Steve came for dinner. Bee made loin of pork stuffed with apricots and prosciutto, and Steve brought two bottles of Pinot Noir.
As soon as he walked in, Daniel knew. Steve hadn’t run with fear from the life that had been calling him for years, Steve hadn’t pretended to be someone he wasn’t. Steve had struggled with it, and then had given in.

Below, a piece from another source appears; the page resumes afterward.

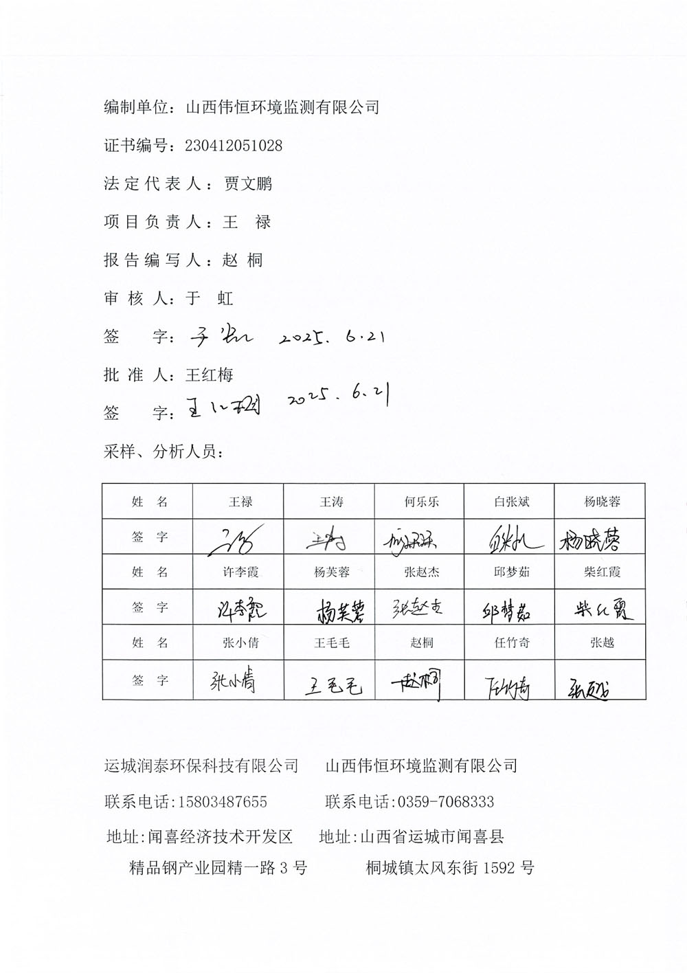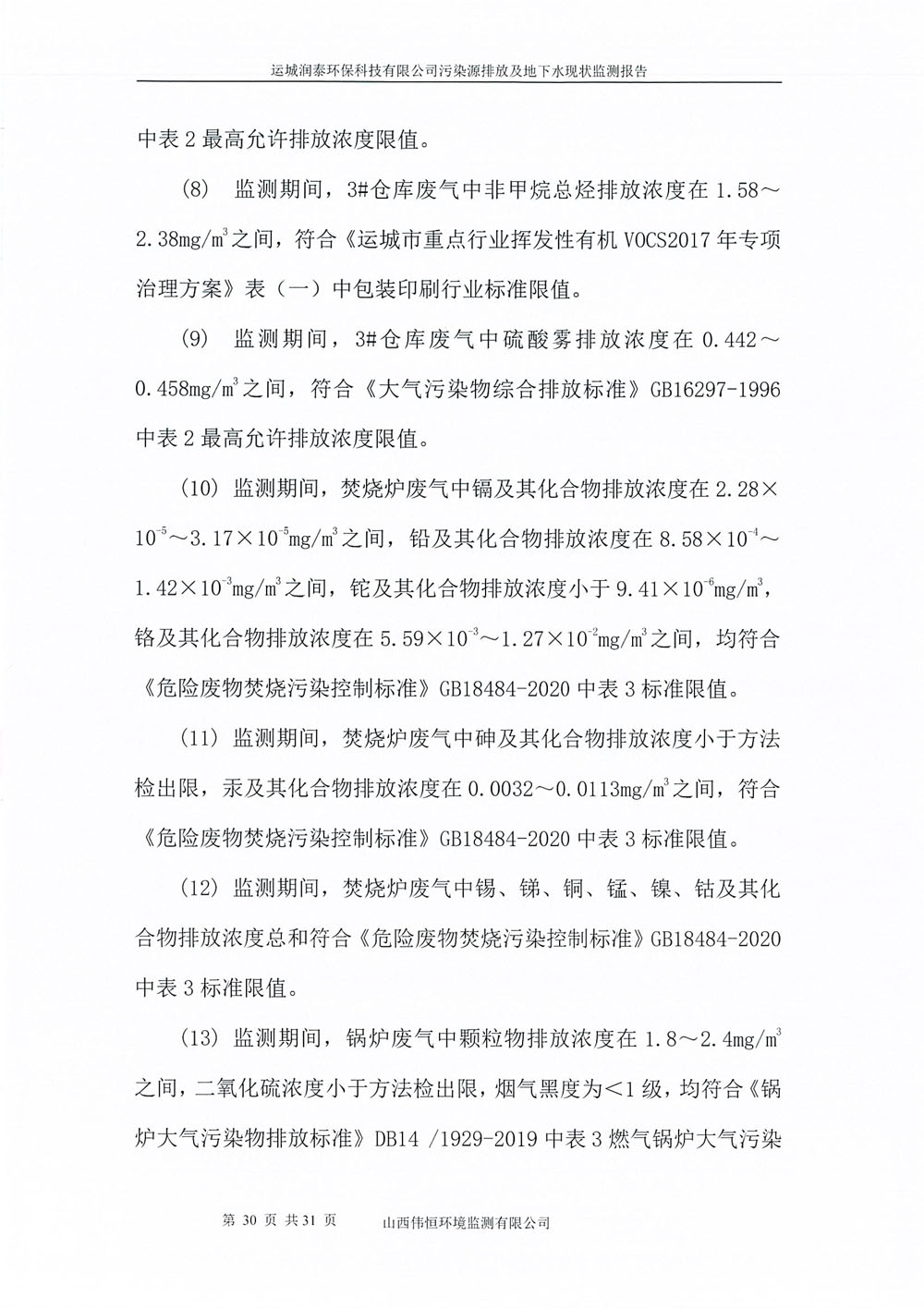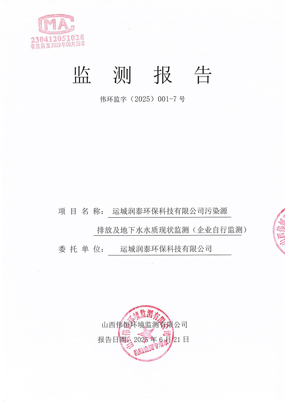 2025年潤泰環(huán)保六月份自行監(jiān)測報告

“These are our dogs—” he passed photos around as they sat at the table, the girls having gone off to bed—“Mimi and Bobo.” Small Westies sat on the doorstep of a beautiful colonial house. “And this is Richard.” An older, bearded man, smiling on the deck of a boat. “My partner,” he added, although he didn’t need to.
“Not husband?” Bee rescued Daniel from his crippling awkwardness, his heart pounding fast, color rising to his cheeks.
“Not legal in our state, sadly,” Steve said. “But one day we will. We’ve been together almost ten years. The love of my life.” And he looked up and caught Daniel’s eye, and this time Daniel felt shame for a different reason. He felt shame for not being brave enough to do what Steve had done, and envy—oh God, so much envy for Steve having the life that all of a sudden Daniel realized he had always wanted.
They went out after dinner for a drink at the bar at Tavern on Main. Daniel recalled seeing
Brokeback Mountain,
looking longingly at the characters played by Jake Gyllenhaal and Heath Ledger embracing furiously at their reunion, and he parked the car on Main Street, hoping that that might happen for him, that Steve would grab him and take him into an alley.